Here, on the southernmost of the Uncanoonuc hills that rise south of Goffstown, is the Shirley Hill Farm and the Benedikt Dairy.
I saw this farm yesterday for the first time. I thought the Uncanooncucs were just hills no different than any other hills. Wooded, unremarkable. Just hills. Somewhere to be crossed to get to Bedford. Not interesting enough to visit.
I was wrong. To turn off Wallace Road onto Shirley Hill Road – to find oneself in vast pastures and gardens lined with sunflowers , and telephone lines where dozens of barn swallows sit waiting for the instinct that tells them “leave now- go up and away into the August night”.
From a distance the South Uncanoonuc looks like the head of an unkempt old man with only a dozen upward bristles left on his scalp. These are an encampment of cell and tele towers that now run our lives. How incongruous they are, on the hilltop above the peace of this farmland with its smell of Jersey cows and the barnyard, with the fields of Queen Ann’s Lace. I stepped out of my car and was back over sixty years, in the old pastures and barnyards of the Alfred Smith Farm and the Haynes Farm on the Unity Road in North Charlestown.
But that was in the Valley of the Connecticut, and this high pasture with its haze and blue hills, cicadas and grasshoppers innumerable seemed far closer to heaven.
Strange, then, that one of the strongest feelings, I have about this enchanted place- is fear.
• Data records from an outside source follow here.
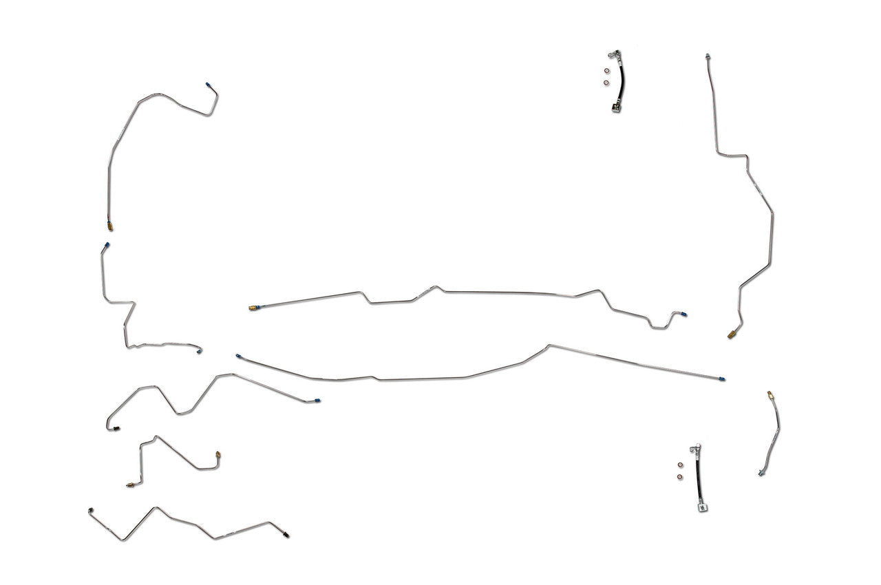 1 Master Cylinder Primary Line 3/16", 1 Master Cylinder Secondary Line 3/16", 1 Right Front Brake Line 3/16" (in 2 easy to install sections), 1 Rear Brake Line 3/16" (in 3 easy to install sections), 1 Rear Axle Crossover Line 3/16" (2 sections), 1 Left Rear Brake Hose, 1 Right Rear Brake Hose
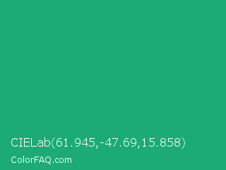 CIELab 61.945,-47.69,15.858 Color is a normal green color and the nearest color is Green Crayola #1cac78. Hex code #1baa78 and RGB value is rgb(27,170,120). In RGB color space, this color is composed of 11% red, 67% green, 47% blue, In CMYK color space, this color is composed of 84% cyan, 0% magenta, 29% yellow , 33% black , In HSL color space, this color has a hue angle of 159° , 73% saturation and 39% lightness.
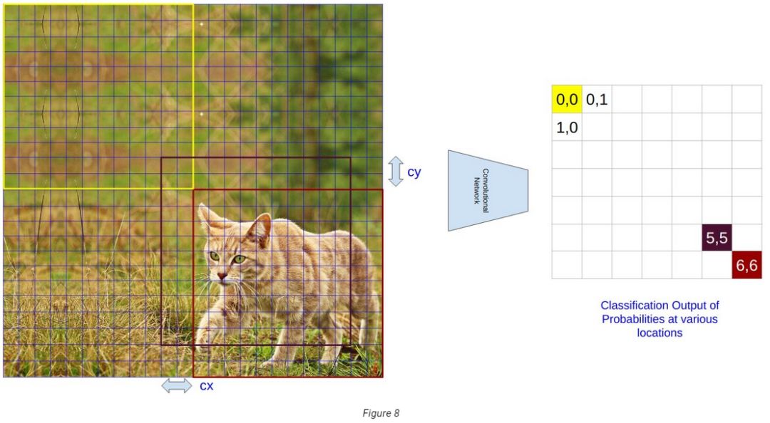 卷积层在计算上是非常昂贵的,并且计算每个块将花费很长时间。但是,使用这个方案,我们可以避免重复计算不同块之间的公共部分。这里我们对整个图像的特征图只进行一次计算。然后,由于我们知道倒数第二个特征图上的不同部分映射到图像的不同区域,我们可以直接在其上进行分类(分类层)。这就像在卷积特征图上执行滑动窗口,而不是在输入图像上执行滑动窗口。所以这节省了大量的计算。

I am old now, and I have seen too much. I have seen what happens to pastures and fields that should be sacred. In the almost forty years I lived in a city in the South I saw a field of butterfly weed out on TN Rte 100 become a fried chicken shack.
I saw one of the most beautiful valleys in Middle Tennessee destroyed by a developer and complicit heirs . No more giant oaks on the edge of pastures. No more meadowlarks in the fields and Indigo Buntings flashing blue onto the fence wires. No more solitary kingbird watching over a stream lined with watercress.
A “planned community”, dreaded and loathed and resisted by its horrified neighbors. Million dollar homes and faux downtown streets.
I remember the last innocent evening the beagle and I walked along the dirt road through this valley. Another woman was walking her dog. We spoke about the loveliness of the old farm.
“Enjoy it now”, she said, “It won’t be here much longer”.
An abomination within sight of the National Park Service’s Natchez Trace Parkway.